FOR IMMEDIATE RELEASE: MARCH 14, 2002
Contact: Gwen Fariss Newman ([email protected]) 410-706-4616
INSTITUTE OF HUMAN VIROLOGY OPENS TWO INNOVATIVE CLINICAL TRIALS FOR THERAPEUTIC COMPOUNDSBoth utilize basic science findings that are products of IHV
BALTIMORE, MD - The Institute of Human Virology (IHV), a center of the University of Maryland Biotechnology Institute led by internationally renowned Robert Gallo, M.D., this month opens two innovative clinical trials, one utilizing a pharmaceutically-produced compound based on a naturally-occurring substance (called chemokines) that can block the HIV virus and halt the progression of AIDS, a Gallo discovery that was hailed by Science magazine in 1996 as one of that year's most important scientific breakthroughs.
The Schering-Plough Research Institute is the first to synthetically reproduce this compound (called SCH-C) -- part of a new class of HIV therapies called entry inhibitors -- and the Institute of Human Virology is one of three centers nationwide to offer the experimental drug to HIV patients.
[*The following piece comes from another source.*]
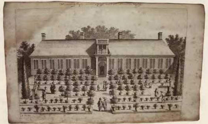
Abb. 2 Eine der ersten Orangerien in den Niederlanden, aus: Commelin, 1676

Zu Beginn der hohen Zitruskultur, die sich in den Niederlanden bis zum 18. Jahrhundert entwickelte, stehen erste, um 1600 errichtete Orangeriebauten. Diese frühesten Architekturen waren nicht viel mehr als »veredelte Scheunen« mit Fenstern, in deren kaum frostfreien Räumen die Zitrusbäume nur schwer zu überwintern waren.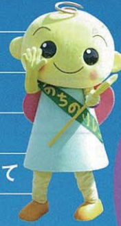
がん啓発キャラクター ふっぴー

参加者それぞれが交代でタスキをつながながら歩き、 生きる希望や勇気が生まれることを目指します。 どなたでも参加出来るチャリティイベントです。 ”命の大切さ” ”予防・早期発見の大切さ”を地域一丸となって 社会に訴え、一緒に歩いて生(行)きませんか?

The IHV also is the first -- and only -- institute in the United States to move forward with a therapeutic AIDS vaccine developed by Aventis Pasteur and designed to target and block the biological activity of tat, a protein that is essential for the replication of the HIV virus and ultimate infection.
Both clinical trials incorporate basic science findings credited to Dr. Gallo and the Institute and also exemplify the IHV's mission to hasten scientific progress from bench to bedside, from laboratory setting to actual patient care.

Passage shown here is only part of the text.